> TO DO: Could the data below be printed out exactly, with the pictures left out?

> RAW DATA:
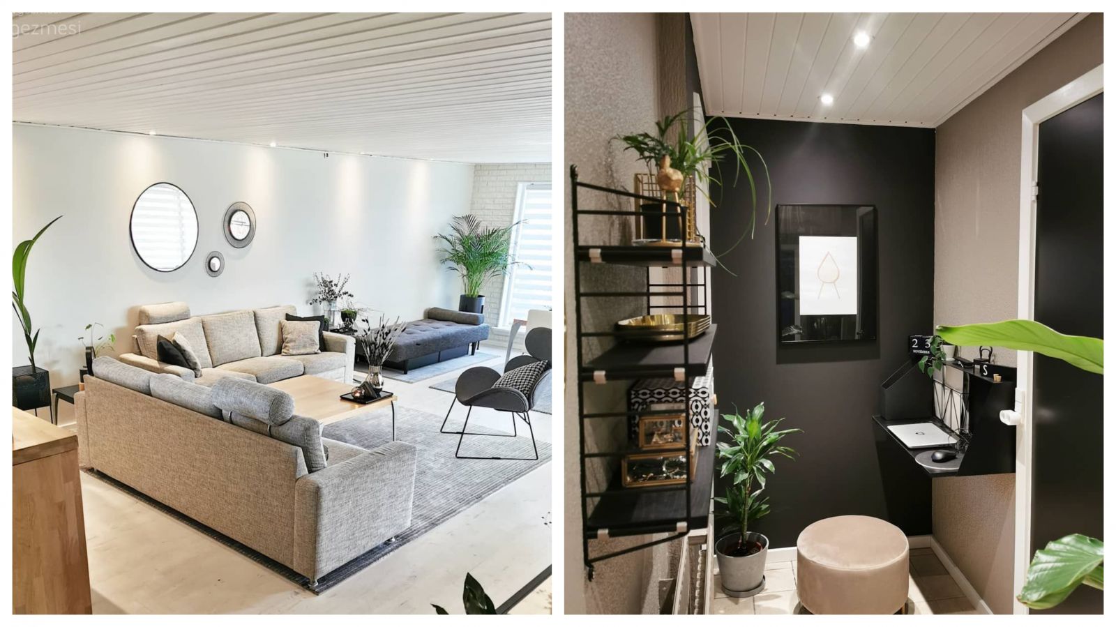 Salon, Büyük salon, Gri duvar, Tavan dekorasyon, Puf, Peluş, Metal duvar aksesuarı, Ev Aksesuar, Çiçeklik, Ev bitkisi, Fener
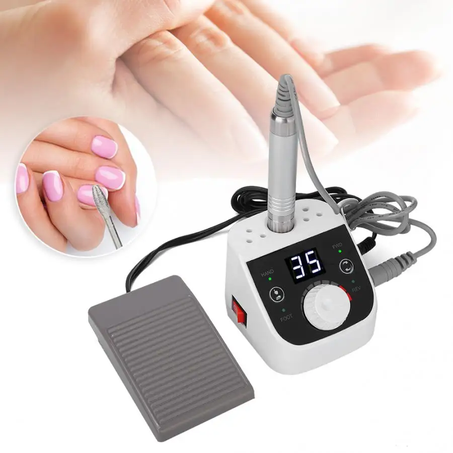 Электрическая дрель для ногтей 35000 об/мин, шлифовальный станок для дизайна ногтей, устройство для маникюра, 100-240 В
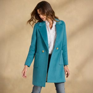 Stylish and bold. our stunning double breasted topper in menswear inspired pinstripes boasts two patch pockets and a contrast print lining. Polyester/wool. Dry clean. Imported. Exclusive. Sizes XS (0–2). S (4–6). M (8–10). L (12–14). XL (16–18). XXL (20–22). Approx. 36l.
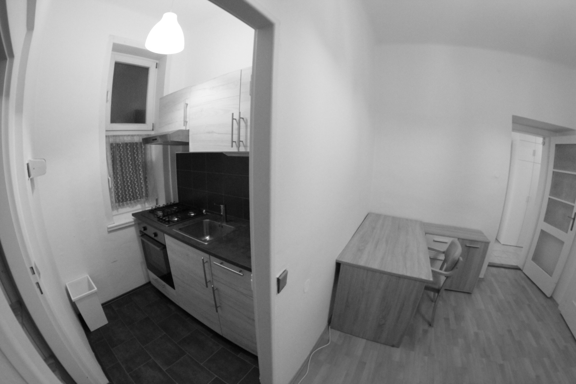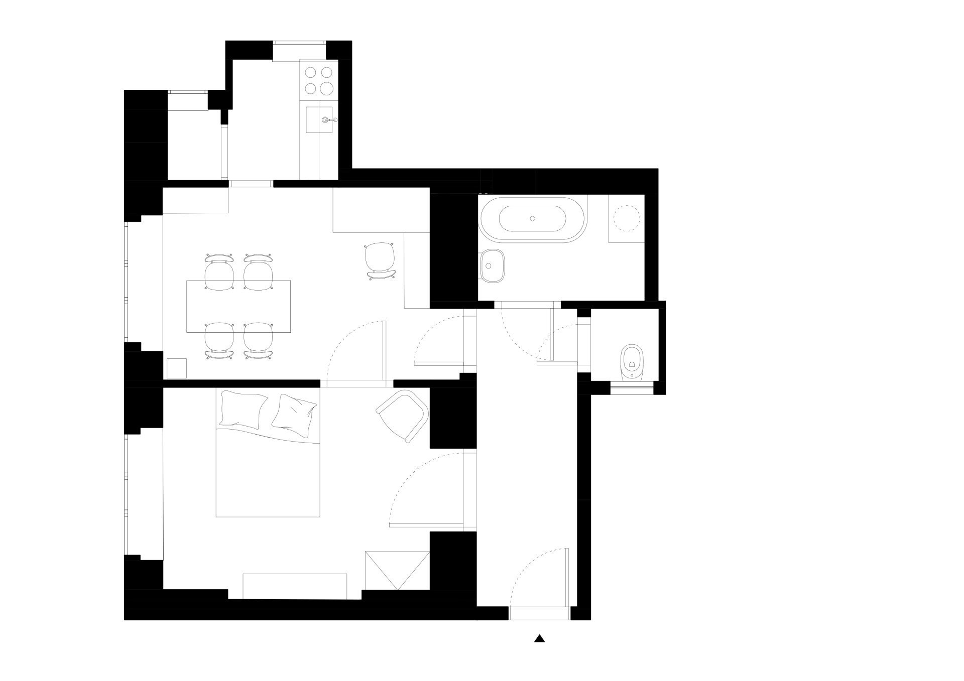 „Základní princip kompletní rekonstrukce spočíval ve vytvoření velkorysého obytného prostoru, který vznikl na půdorysu původní kuchyně, jídelny a ložnice. Sjednocení dispozice umožnilo přístup světla ze dvou směrů a zesílilo vizuální kontakt se zelení na dvoře. Hygienické zázemí a vstupní chodba byly taktéž kompletně zrekonstruovány, ale jejich půdorys se až na zrušení dveří do bývalé ložnice nijak neměnil,“ vysvětlují architekti.

> REPLY TO THE TASK:
 Salon, Büyük salon, Gri duvar, Tavan dekorasyon, Puf, Peluş, Metal duvar aksesuarı, Ev Aksesuar, Çiçeklik, Ev bitkisi, Fener
 Электрическая дрель для ногтей 35000 об/мин, шлифовальный станок для дизайна ногтей, устройство для маникюра, 100-240 В
 Stylish and bold. our stunning double breasted topper in menswear inspired pinstripes boasts two patch pockets and a contrast print lining. Polyester/wool. Dry clean. Imported. Exclusive. Sizes XS (0–2). S (4–6). M (8–10). L (12–14). XL (16–18). XXL (20–22). Approx. 36l.
 „Základní princip kompletní rekonstrukce spočíval ve vytvoření velkorysého obytného prostoru, který vznikl na půdorysu původní kuchyně, jídelny a ložnice. Sjednocení dispozice umožnilo přístup světla ze dvou směrů a zesílilo vizuální kontakt se zelení na dvoře. Hygienické zázemí a vstupní chodba byly taktéž kompletně zrekonstruovány, ale jejich půdorys se až na zrušení dveří do bývalé ložnice nijak neměnil,“ vysvětlují architekti.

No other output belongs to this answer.